* [Exercise requirements]:
In the material below, find the line with "경영 효율성을 높여보세요!"; set down that line and every line after it to the end, exactly, without pictures.
● ● ● ●
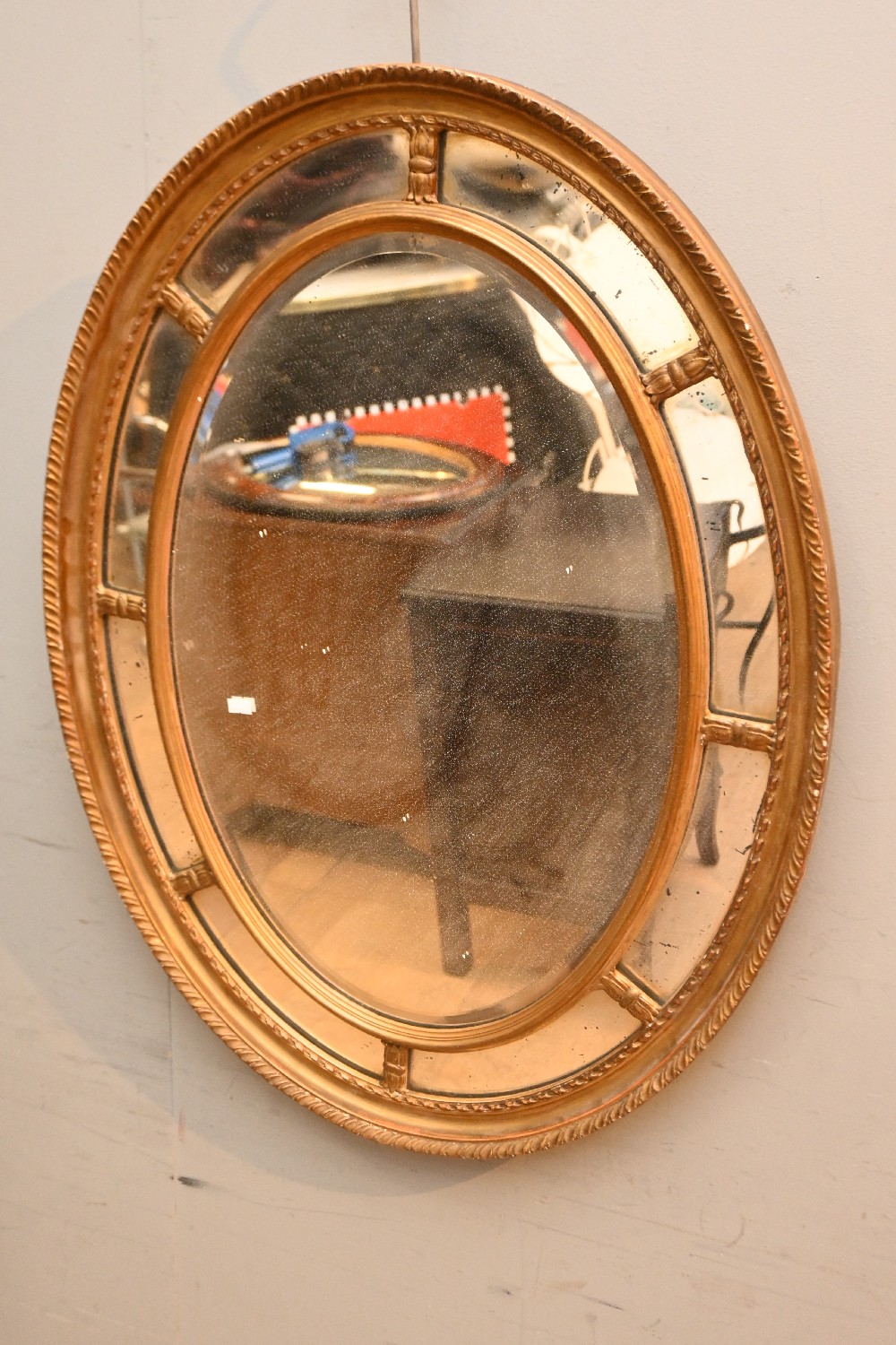 A VICTORIAN-STYLE OVAL GILT MIRROR (A/F) (88H X 67W CM) (LEONARD JOEL DELIVERY SIZE: LARGE)
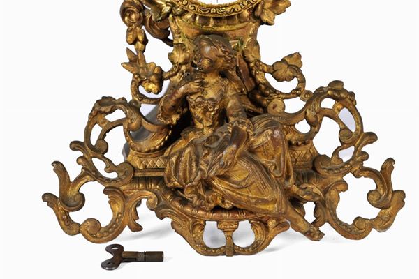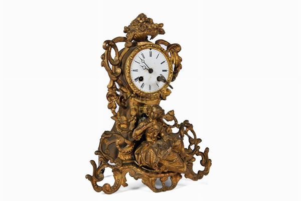 in metallo dorato, di forma barocca con damina sul fronte, quadrante a smalto bianco con numeri romani. Orologio con meccanismo a pendolo.
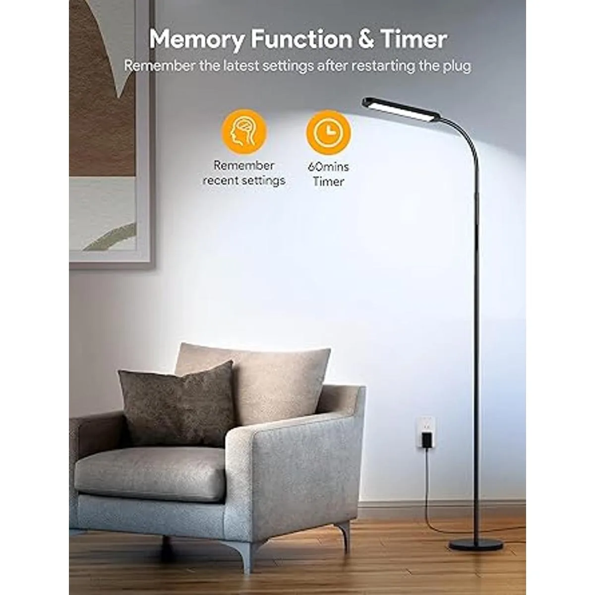 Temporización, memoria y enchufe de pared disponible: la función de temporizador de 1 hora de esta moderna lámpara de pie te recuerda tomar un descanso a tiempo, bueno para tus ojos. Esta lámpara de pie regulable también se puede utilizar como luz nocturna. Cuando se utiliza el enchufe de pared en lugar del control remoto o táctil interruptor para apagar la lámpara, la función de memoria te permite encender las luces con un botón mientras mantiene los últimos ajustes de uso
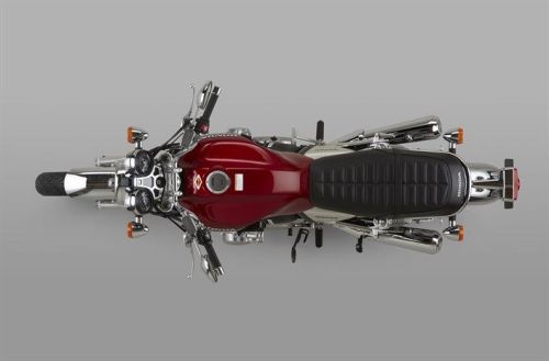 Boční panely jsou vyrobeny z kartáčovaného hliníku s texturou „vlasových čar“, zatímco sedlo je dobře čalouněné a pohodlné. Na něj navazují plynulé linie čistě provedených chromovaných madel a chromovaný ocelový blatník se zaoblenějším průřezem. Stupačky pro jezdce i spolujezdce jsou upevněny na menších závěsech z hliníkové slitiny, zatímco díky delšímu bočnímu stojanu se stroj snáze dostává do vzpřímené polohy.
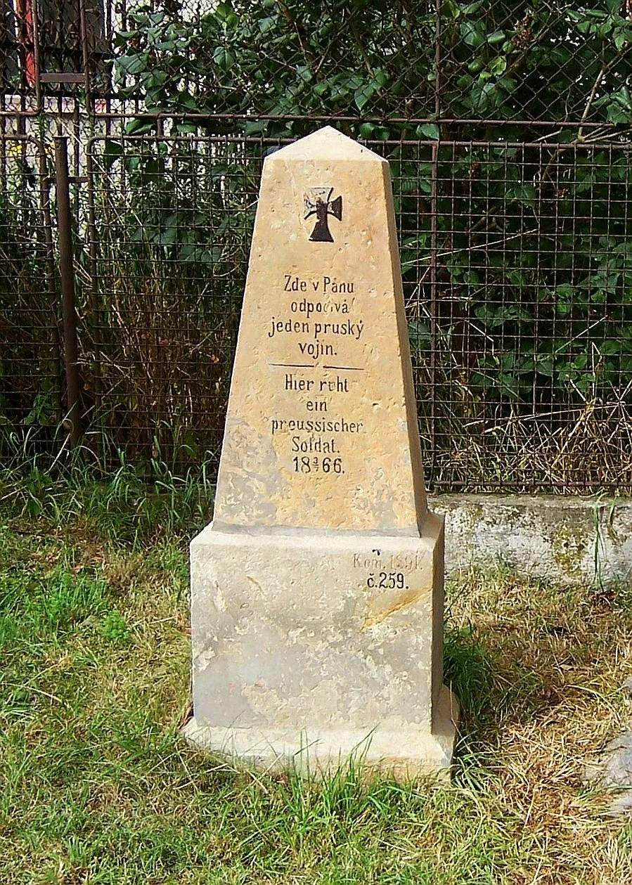 | Text na památce: | Čelní strana: \ Zde v Pánu odpočívá jeden pruský vojín. \ Hier ruht ein preussischer Soldat. \ 18 3/7 66. \ Čelní strana: \ Kom. 1891. č. 259. \ |
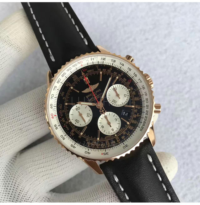 [스페셜오더]BREITLING-브라이틀링 내비타이머 레드 골드 블랙다이얼/블랙가죽스트랩 워치 43mm
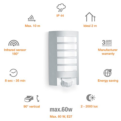 Compact modern wall light. Convenience, saftey, peace of mind and energy efficiencey in German quality.Feature high quality aluminium fascias, modern design and sensor technology that?s been tried and tested in millions of applications.Comes with a detection angle of 180o and max reach of 10m. The sensor tilting range(90o) and the ability to close offindiviadual segments permiy optimum adjustment of the detection range to the given situation. The tough polycarbonate diffuser evenly dispenses the light.
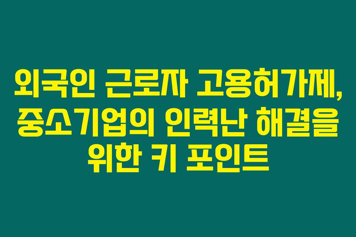 **외국인 고용허가제**는 중소기업의 인력난을 해결하기 위한 유용한 제도예요. 다양한 업종에서 외국인 근로자를 고용할 수 있는 기회를 통해, 기업의 생산성을 높여 안정적 경영을 이어갈 수 있죠. 신청 요건과 절차를 잘 확인하고, 적시에 외국인 근로자를 채용해 경영 효율성을 높여보세요!
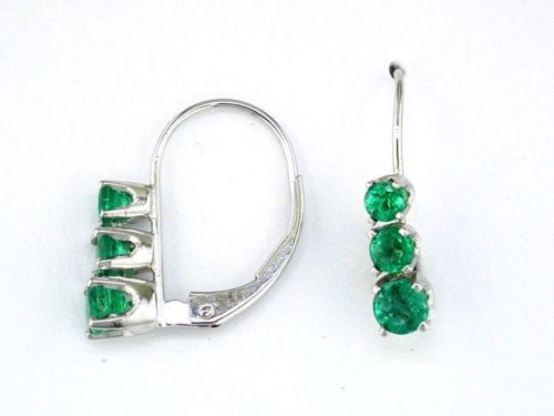14KT WHITE GOLD LEVERBACK EARRINGS. 3D JOURNEY DESIGN. AAA ROUND EMERALDS ARE .80 CARATS. WRITTEN APPRAISAL AVAILABLE. COMES IN A PRESENTABLE GIFT BOX.
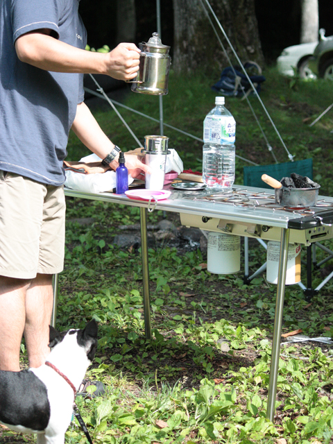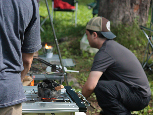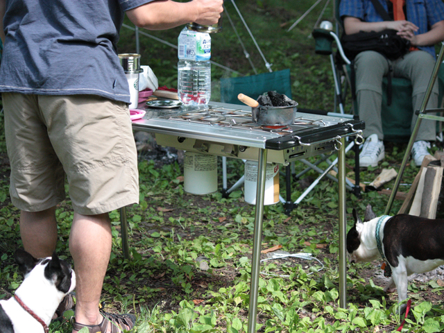 天気がよいのでIGT(アイアングリルテーブル)にセットしたツーバーナーコンロを
● ● ● ●
* [Solution]:
 **외국인 고용허가제**는 중소기업의 인력난을 해결하기 위한 유용한 제도예요. 다양한 업종에서 외국인 근로자를 고용할 수 있는 기회를 통해, 기업의 생산성을 높여 안정적 경영을 이어갈 수 있죠. 신청 요건과 절차를 잘 확인하고, 적시에 외국인 근로자를 채용해 경영 효율성을 높여보세요!
14KT WHITE GOLD LEVERBACK EARRINGS. 3D JOURNEY DESIGN. AAA ROUND EMERALDS ARE .80 CARATS. WRITTEN APPRAISAL AVAILABLE. COMES IN A PRESENTABLE GIFT BOX.
 天気がよいのでIGT(アイアングリルテーブル)にセットしたツーバーナーコンロを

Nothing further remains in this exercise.